### Task goal
Begin at the top of the entries below and write out every line through the one containing "水滴や水飛沫の中で使用するため、そのシールには独特の工 夫がされています。 |", excluding pictures.
**** Dataset records
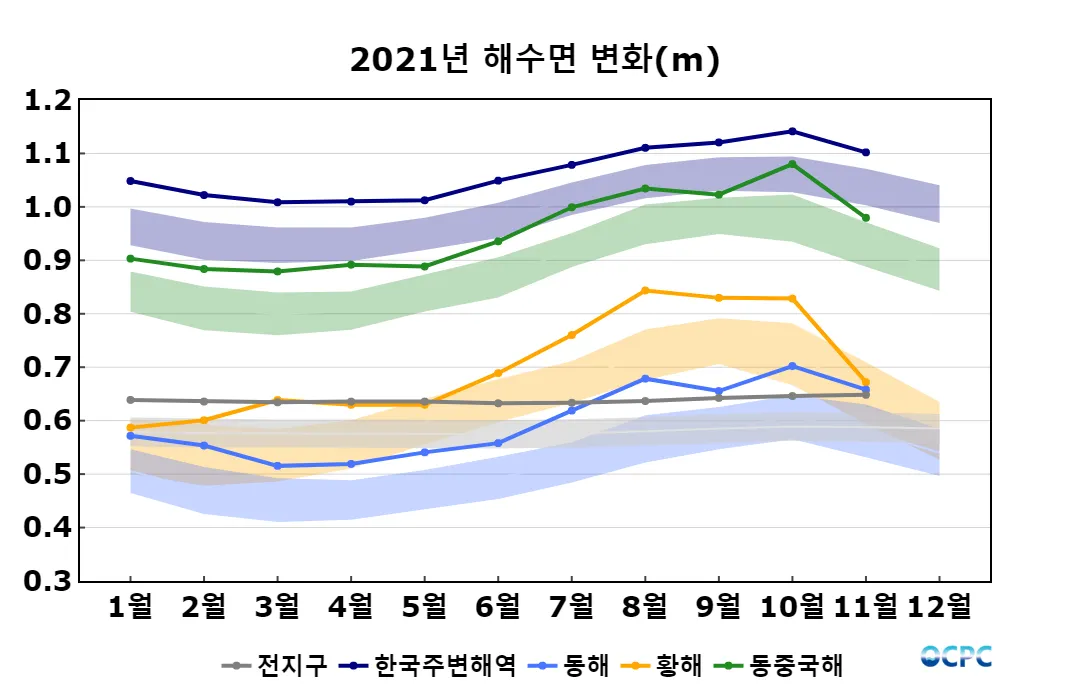 전지구 및 한국주변해역 평균 해수면은 평년보다 높았으며, 황해는 평년과 비슷했습니다.
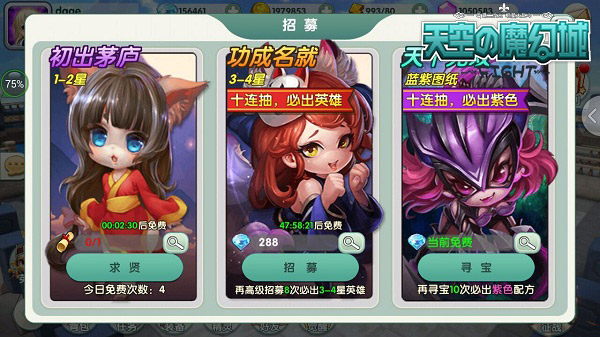 招募:是通过288钻石来抽取英雄的,每位玩家第一次通过钻石抽取是一定会获得一位4星的英雄的。每过一段时间,我们也是会获得免费拜将的机会。
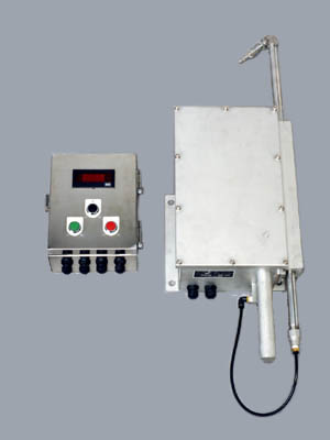 ルから噴射して湿紙の両端を切り落としています。 近年、「坪量・水分制御システム」が多く導入され、その制 御のための数値として、ワイヤパート上の紙幅データが必要と なってきました。 そのため、従来はモノサシでノズルの位置を測り、データを システムへ手入力してきました。これは、手間がかかるだけで なく、危険な作業や間違いが伴いました。 この製品は、このノズル位置を測り、4〜20mAの計器信 号として出力するとともに、ノズルの位置をリモート操作がで きるようにしたものです。 水滴や水飛沫の中で使用するため、そのシールには独特の工 夫がされています。 |
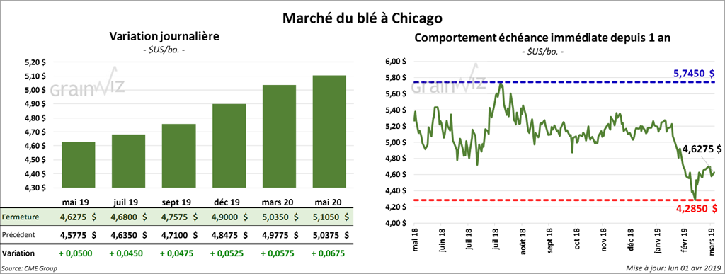 Dans son rapport de vendredi dernier, le USDA a montré que pour tous les types de blé US, les intentions d’ensemencements étaient plus faibles que prévus à 45,75 millions d’acres. Toutefois, les marchés s’étaient davantage concentrés sur les inventaires en date du 1er mars dernier. Aujourd’hui, ils se sont repris en mettant l’accent sur les ensemencements probables.
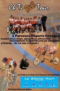 Nous vous attendons nombreux à participer au Ch'Ti Bic Tour, au profit de la Fédération Française de Cardiologie. Trois parcours départs groupés : 8h30 : 90 km - 9h30 : 45 km - 10h30 : 8km (parcours familial). Ambiance assurée par Jacques Vanpetegem et son accordéon.
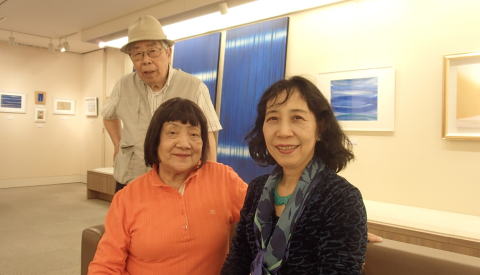 簡単に近況を報告しあって、作品を鑑賞させていただいた。入り口に小品を展示して、正面に大作「無限の刻」(左の写真・背景に見える青の作品)が展示されている。今回の展覧会の目玉作品だ。堀本さんの作品は、哲学的に言えば「形而上の作品」が殆ど。何しろ、宇宙における人間の魂をイメージした画だ。
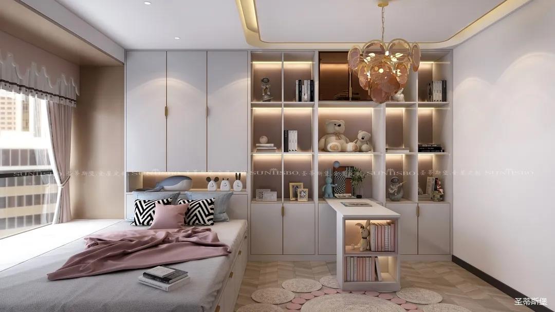 定制柜獨特設計滿足了女兒對臥室的功能需求,一字型定制柜挑出臺面設計,直接打造便利書桌,視覺上將空間分割成兩個不同的趣味空間,實現了一房多用,簡直完美!
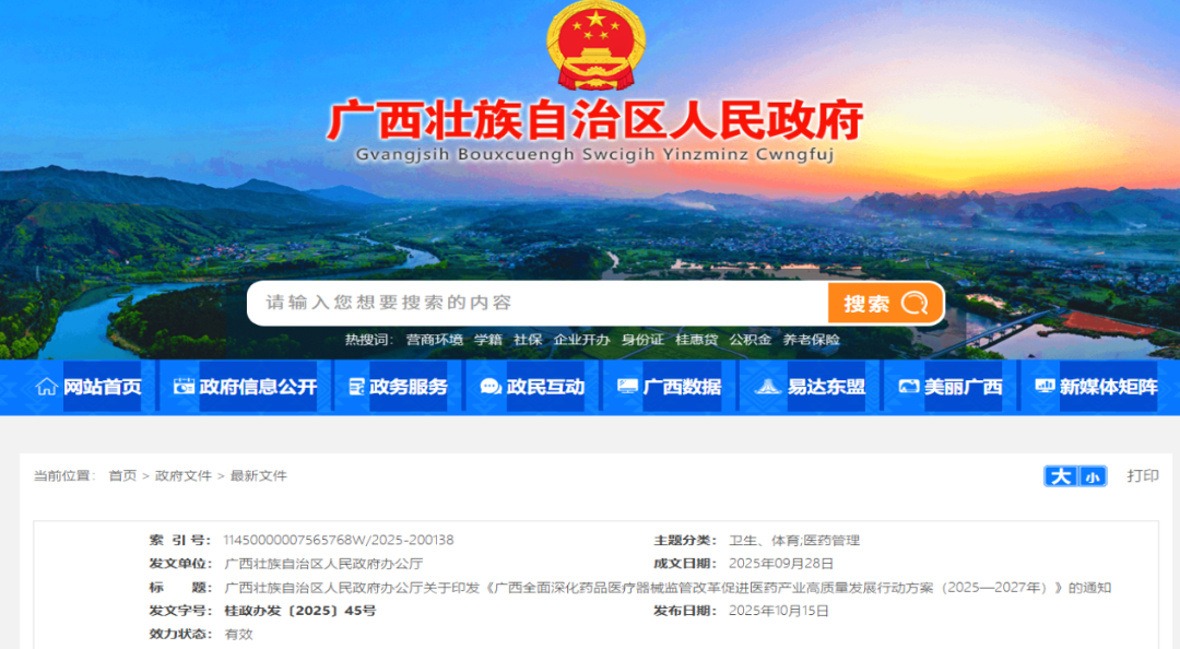 广西全面深化药品医疗器械监管改革促进医药产业高质量发展行动方案(2025―2027年)
********
### Solution below
 전지구 및 한국주변해역 평균 해수면은 평년보다 높았으며, 황해는 평년과 비슷했습니다.
 招募:是通过288钻石来抽取英雄的,每位玩家第一次通过钻石抽取是一定会获得一位4星的英雄的。每过一段时间,我们也是会获得免费拜将的机会。
 ルから噴射して湿紙の両端を切り落としています。 近年、「坪量・水分制御システム」が多く導入され、その制 御のための数値として、ワイヤパート上の紙幅データが必要と なってきました。 そのため、従来はモノサシでノズルの位置を測り、データを システムへ手入力してきました。これは、手間がかかるだけで なく、危険な作業や間違いが伴いました。 この製品は、このノズル位置を測り、4〜20mAの計器信 号として出力するとともに、ノズルの位置をリモート操作がで きるようにしたものです。 水滴や水飛沫の中で使用するため、そのシールには独特の工 夫がされています。 |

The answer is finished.